Familie Bianco teilt sich in zwei Linien: Den Zweitnamen Activ tragen zehn Grundrisse der Größen 390, 445, 465 (2 x), 515 (2 x), 550 (2 x), 560 und 720; drei davon haben Etagenbetten. Charakteristisch für den Activ: die Truma-Combi-4- und -6- Heizungen mit integriertem Boiler (Alde-Warmwasserheizung serienmäßig beim riesigen Familienwagen 720 SKDW) und tendenziell mehr Stauraum. Die fünf Grundrisse des Bianco Selection 465 (2 x) 515 (2 x) und 550, davon zwei mit Stockbetten, gibt es im Activ nicht. In allen fünf Selection heizt die klassische S-Heizung. Möbeldesign und -dekore sowie die Polsterstoffe sind identisch.

Testurteil

(Maximal 5 Punkte möglich)

Wohnen: 3,9 Punkte

 Bequeme Serien-Matratze auf höherwertigem, verstellbarem Lattenrost.
 Straffe, hochwertige Polster auf der Sitzgruppe sorgen für guten Sitzkomfort.
 Viel Küchenstauraum und stabile Auszüge, schöner Herd, von innen und außen erreichbarer Kühlschrank.
 Geräumiges Bad mit funktionaler Dusche und viel Stauraum.
 Solider und akkurater Möbelbau.
 Relativ schmales Bett (1,37 Meter).
 Kein Platz für Kaffeemaschine in Küche.
 Möbelbau kommt nicht ohne sichtbare Verbinder aus.
 Wenig und zudem schlecht beleuchtete Spiegelfläche im Bad.

Beladen: 4,4 Punkte

 Frei nutzbarer Bettstauraum mit breiter Außenklappe.
 Variabler Kleider- und Wäscheschrank.
 Schuhklappe an Stirnseite des rechten Sitzstaukastens.
 Bereits leer hohe Stützlast, Montage von Deichselfahrradträger kritisch.
 Serien-Achse mit 1,7 Tonnen hat mit realistischer Zusatzausstattung wenig Zuladung.
 Nur offene Ablagen im Kühlschrankmöbel.

Fahren: 3,9 Punkte

 Sichere Fahreigenschaften, auch durch die hohe Grundstützlast.
 Hochwertige Markenreifen.
 Selbstnachstellende Bremsen und Stützrad mit (grob anzeigender) Waage serienmäßig.
 Bei maximaler Auflastung knappe Überlastreserven der Reifen.
 Elektronisches Stabilisierungssystem und Gasdruckregler mit Crashsensor nur gegen Aufpreis.

Technik: 3,4 Punkte

 Hervorragende Verarbeitung von Aufbau und Unterboden und des Mobiliars.
 Keine verletzungsträchtigen Stellen im Innenraum.
 Starke Heizung, gute Wintertauglichkeit.
 Aufbau mit herkömmlichen Materialien; kein hagelsicheres Dach in Serie.
 Combi-Heizung ohne Bordbatterie nicht autark betreibbar.
 Viel zu kleiner Serien-Frischwassertank, schlappe Innenbeleuchtung.

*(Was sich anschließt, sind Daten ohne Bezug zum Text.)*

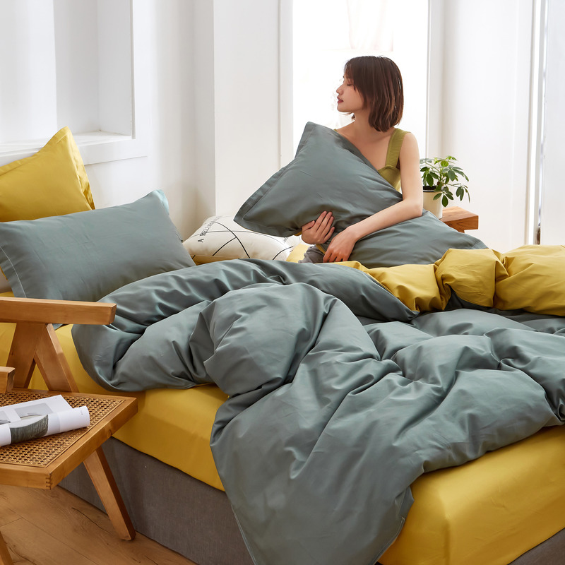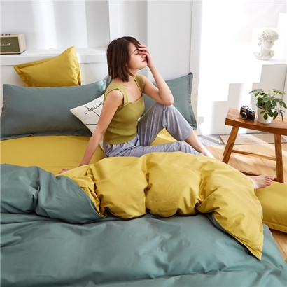 极简时尚双拼全棉喷气四件套【全棉/橄榄绿+姜黄】 |
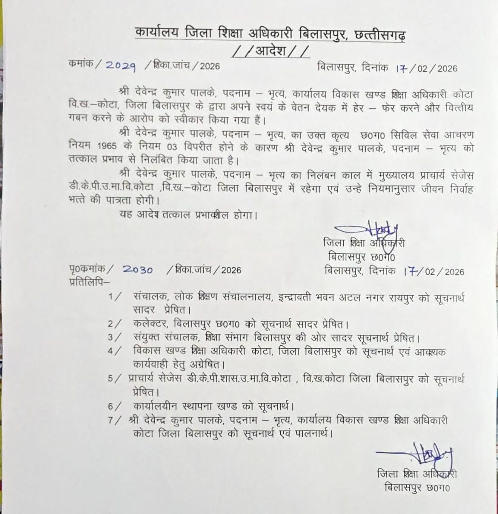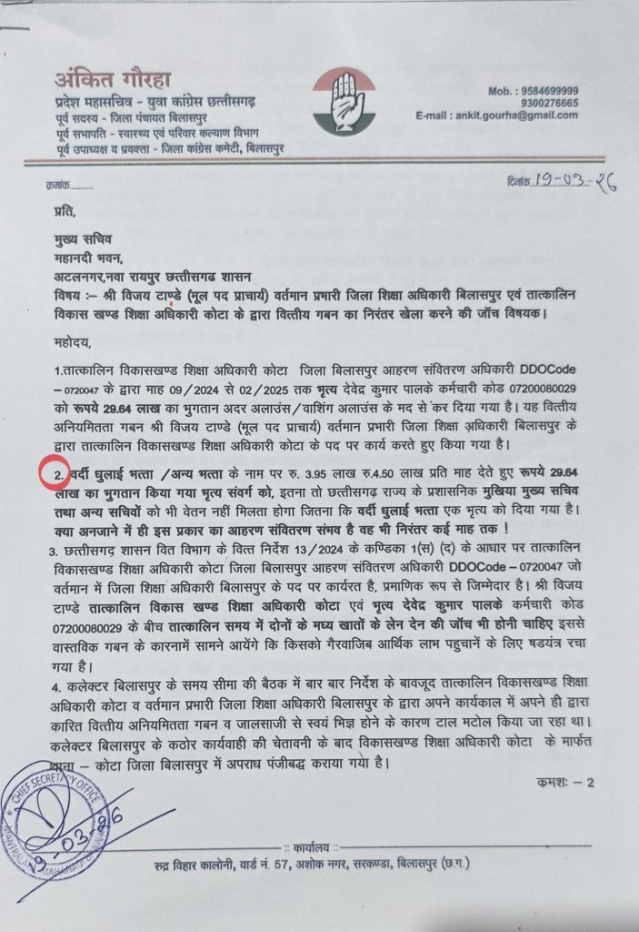 कांग्रेस नेता अंकित ने इस कार्रवाई के बाद भी कई महत्वपूर्ण सवाल खड़े करते हुए कहा कि शिकायत में तत्कालीन विकासखंड शिक्षा अधिकारी कोटा एवं वर्तमान जिला शिक्षा अधिकारी बिलासपुर विजय टांडे की भूमिका को लेकर भी गंभीर आरोप लगाए गए थे। आरोप है कि वित्तीय अनियमितताओं का यह पूरा खेल उनके कार्यकाल में हुआ, इसके बावजूद अब तक उनके खिलाफ कोई ठोस कार्रवाई सामने नहीं आई है। उल्टा, उन्हें पदोन्नति दिए जाने की जानकारी सामने आने से पूरे मामले की निष्पक्षता पर सवाल उठने लगे हैं।
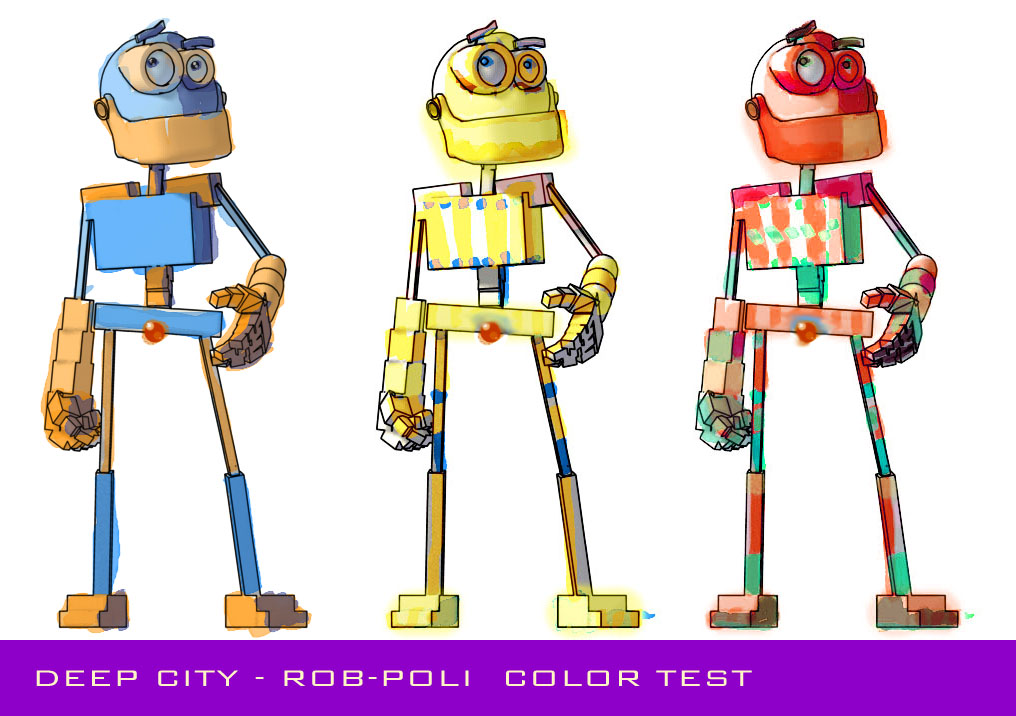En Deep City no hay sol, me cuadran más con el guión las gafas naranja que tiene el último boceto de Pit, por ejemplo.
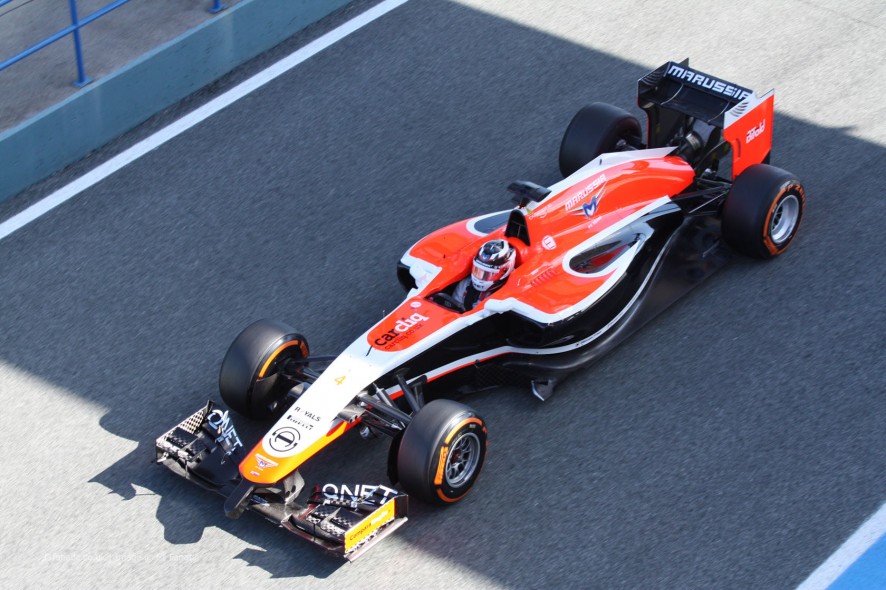 Az autó Max Chilton irányítása alatt gördült ki a pályára az első installációs körére. Holnap bizonyára az istálló másik versenyzője, Jules Bianchi is kipróbálhatja majd a csapat új kihívóját.
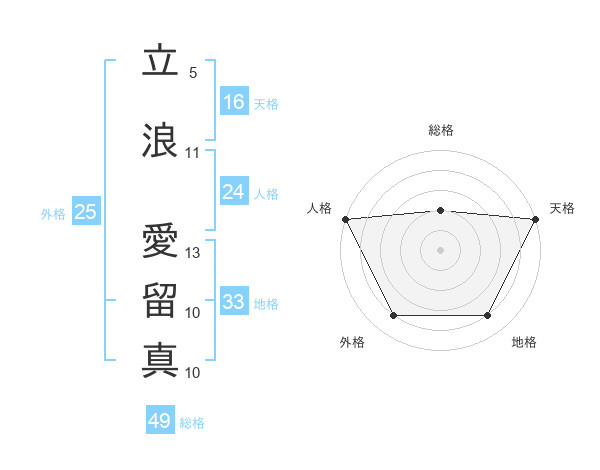 立浪 愛留真さんの総格は49画の2点
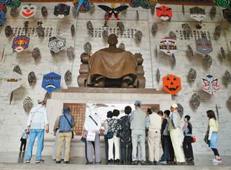 臺當局推行“去蔣”政策,臺北中正紀念堂的蔣介石銅像被各式風箏遮擋。4月1日起風箏等將全部拆除,還大廳原貌。(圖:臺灣《聯合報》)
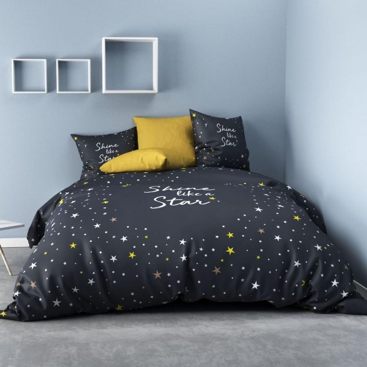 Très belle housse de couette GALAXY pour lit 2 personnes de dimensions 260x240 cm en 100% coton finition pressions avec ses 2 taies d'oreillers 63x63 cm.Dimensions housse de couette : 260x240 cmDimensions des taies d'oreiller : 63x63 cmFinition : housse de couette finition pressionsMatière : 100% co
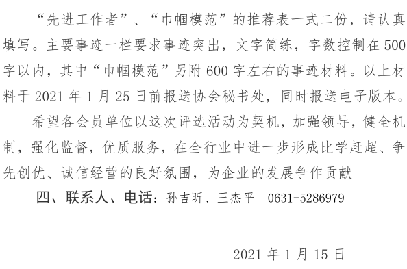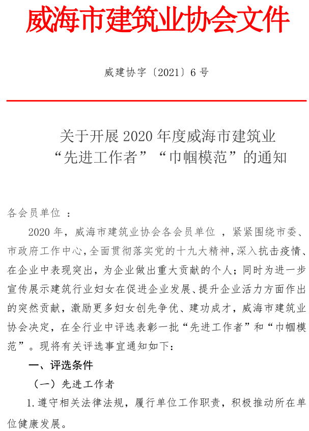關(guān)于開展2020年度威海市建筑業(yè) “先進工作者”“巾幗模范”的通知
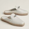 Hermes Oran Slide Sandals in Gold Swift Calfskin with Canvas
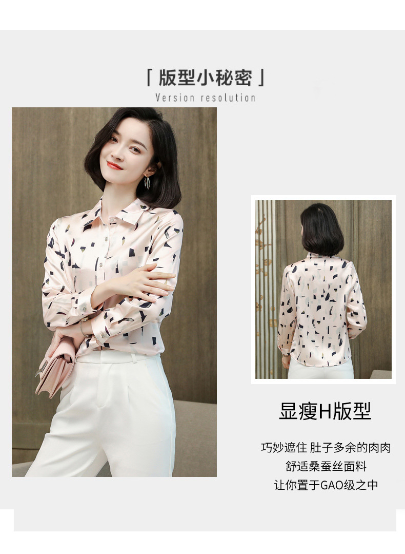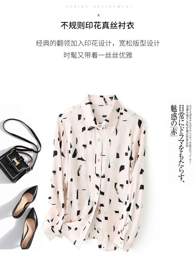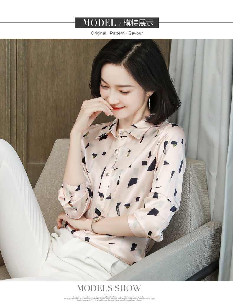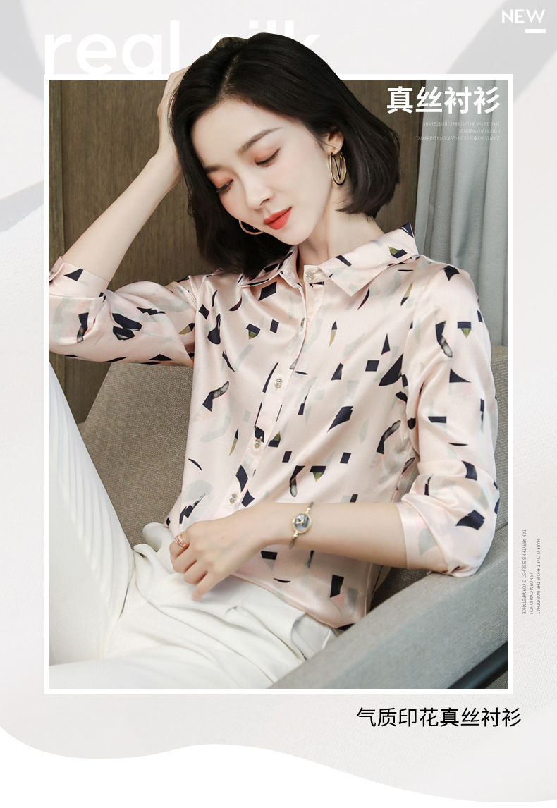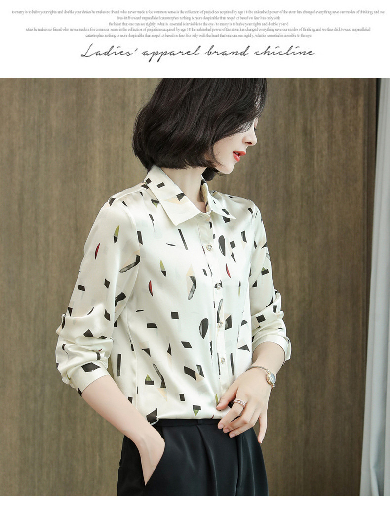 上海旗袍厂ASE-9076印花方领单排扣真丝衬衫
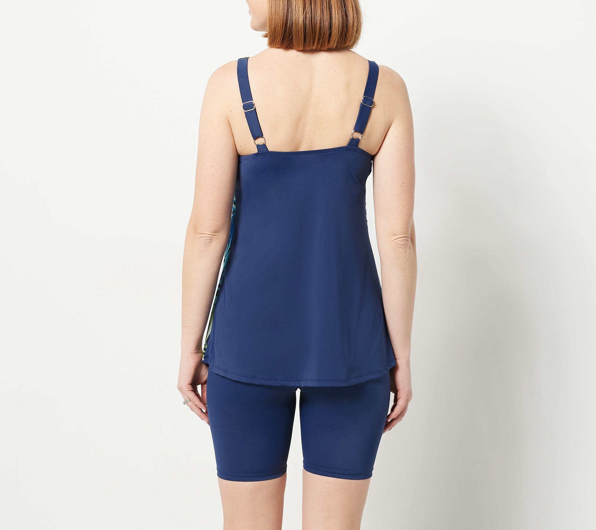 An active beach day? It might involve the kids or a playful pup. Or, it might involve just you, splashing in the surf like you're five again. But it should definitely involve this pretty, movement-minded tankini with cutely coordinated bike shorts. From Denim & Co.® Fashions.
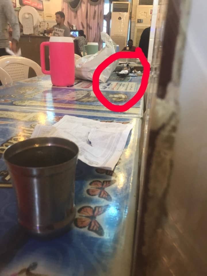 كنت بمطعم ريم جالس آكل، اجى واحد جلس بالطاولة الذي
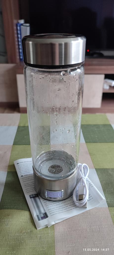 Když bylo stisknuto tlačítko pro výrobu vodíku, ozval se zvuk jako prasknutí a ze spodní strany přes vodu vycházely vzduchové bubliny. Když se zastavila výroba vodíku, voda se rozlévala ze spodní části nádoby. Vrátí produkt a požádá o vrácení peněz.

Preise & Service: 3,6 Punkte

 Prinzipiell attraktiver Grundpreis.
 Zwölf Jahre Dichtheitsgarantie.
 Ab Werk gibt’s alles, was man sich wünschen kann, ...
 ... aber für den Mover XT kommen noch die Einbaukosten beim Händler dazu.
 Ohne Optionen wie großer Wassertank funktioniert der 550 SD nicht richtig.

Fazit

Das Beste rausgeholt – Verarbeitung ist die große Stärke von Fendt. Nix knarrt, nix wackelt, alles funktioniert, wie es soll. Außerdem sammelt der 550 SD durch seine Zweckmäßigkeit Plus- und Sympathiepunkte. Wo es zählt, liefert er ab: bequeme Sitzpolster, dicke Matratze, großer Gaskasten und solide Tür, um nur einige zu nennen. Kritik ernten einige grundrissspezifische Details wie das schmale Bett. Der Test zeigt aber auch, dass dem Wagen wichtige Ausstattungen fehlen. Um das Paket stimmig zu machen, müssen etliche hundert Euro draufgelegt werden. Ehrlicher wäre es, mehr reinzupacken und den Grundpreis anzuheben. Dass Fendt auf althergebrachte Aufbaumaterialien setzt, verzeiht man angesichts der guten Verarbeitung.